Generating quantum data by learning the underlying quantum distribution poses challenges in both theoretical and practical scenarios, yet it is a critical task for understanding quantum systems. A fundamental question in quantum machine learning (QML) is the universality of approximation: whether a parameterized QML model can approximate any quantum distribution. We address this question by proving a universality theorem for the Many-body Projected Ensemble (MPE) framework, a method for quantum state design that uses a single many-body wave function to prepare random states. This demonstrates that MPE can approximate any distribution of pure states within a 1-Wasserstein distance error. This theorem provides a rigorous guarantee of universal expressivity, addressing key theoretical gaps in QML. For practicality, we propose an Incremental MPE variant with layer-wise training to improve the trainability. Numerical experiments on clustered quantum states and quantum chemistry datasets validate MPE's efficacy in learning complex quantum data distributions.

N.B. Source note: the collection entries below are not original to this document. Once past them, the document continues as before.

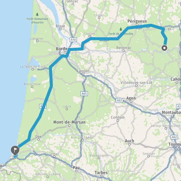 Prendre à droite et rejoindre A63. Continuer sur 172 kilomètres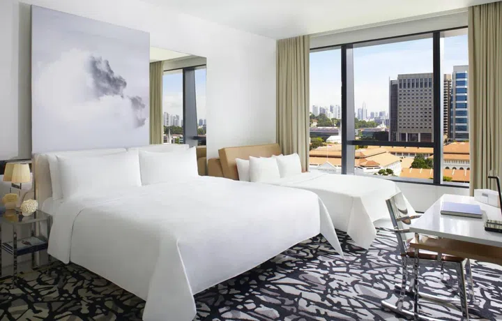 Since Dec 7, luxury hotel JW Marriott Hotel Singapore South Beach has resumed leisure stays — check in to its array of rooms, from Deluxe rooms to premier rooms with views of Marina Bay, or the luxurious suites with access to the Executive lounge. For families, there's the Premier Family guest room with a king-sized bed and a sofa bed for the kiddos. Don't miss out on a dip in the pool at Flow18 Sky Garden, with amazing views of the cityscape.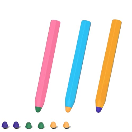 YIBOOOM子供用タッチペンは6角軸鉛筆型で、シリコン製。3本入りでペン先6個付き。タブレットやスマートフォンと兼用、握りやすく、充電不要で便利。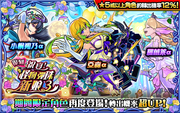 「祝宴!怪物彈珠新娘」、「祝宴!怪物彈珠新娘 2」及「祝宴!怪物彈珠新娘 3」轉蛋活動,將於2024年06月04日中午 12:00期間限定再現!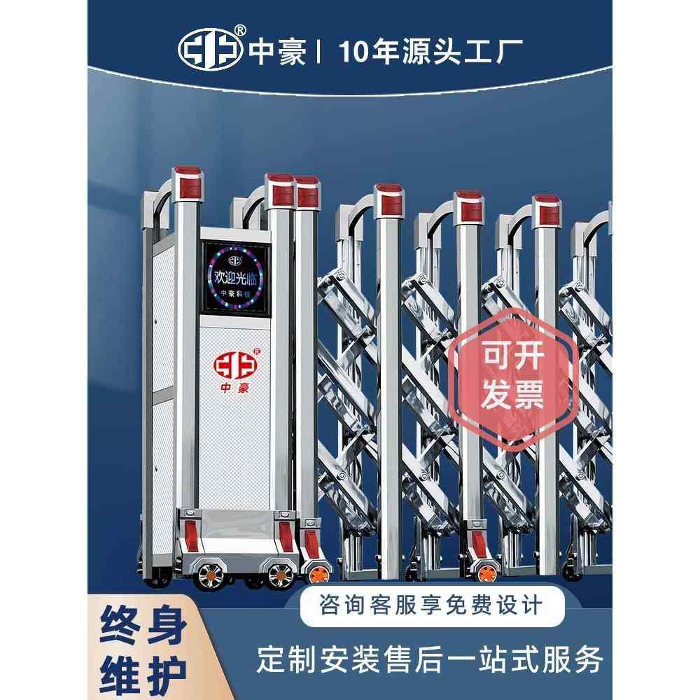 中豪不锈钢电动伸缩门学校工地单位工厂大门铝合金折叠推拉平移门

翻译：通过学习底层量子分布来生成量子数据，在理论和实践场景中都面临挑战，但这对于理解量子系统而言是一项关键任务。量子机器学习中的一个基本问题是近似能力的普适性：即参数化的量子机器学习模型能否逼近任何量子分布。我们通过证明多体投影系综框架的一个普适性定理来回答这个问题，该框架是一种利用单个多体波函数来制备随机态的量子态设计方法。该定理表明，MPE 能够以 1-Wasserstein 距离误差逼近任何纯态分布。这为量子机器学习提供了严格的普适表达能力保证，弥补了其关键的理论空白。在实用性方面，我们提出了一种具有逐层训练功能的增量式 MPE 变体，以提升其可训练性。在团簇量子态和量子化学数据集上的数值实验验证了 MPE 在学习复杂量子数据分布方面的有效性。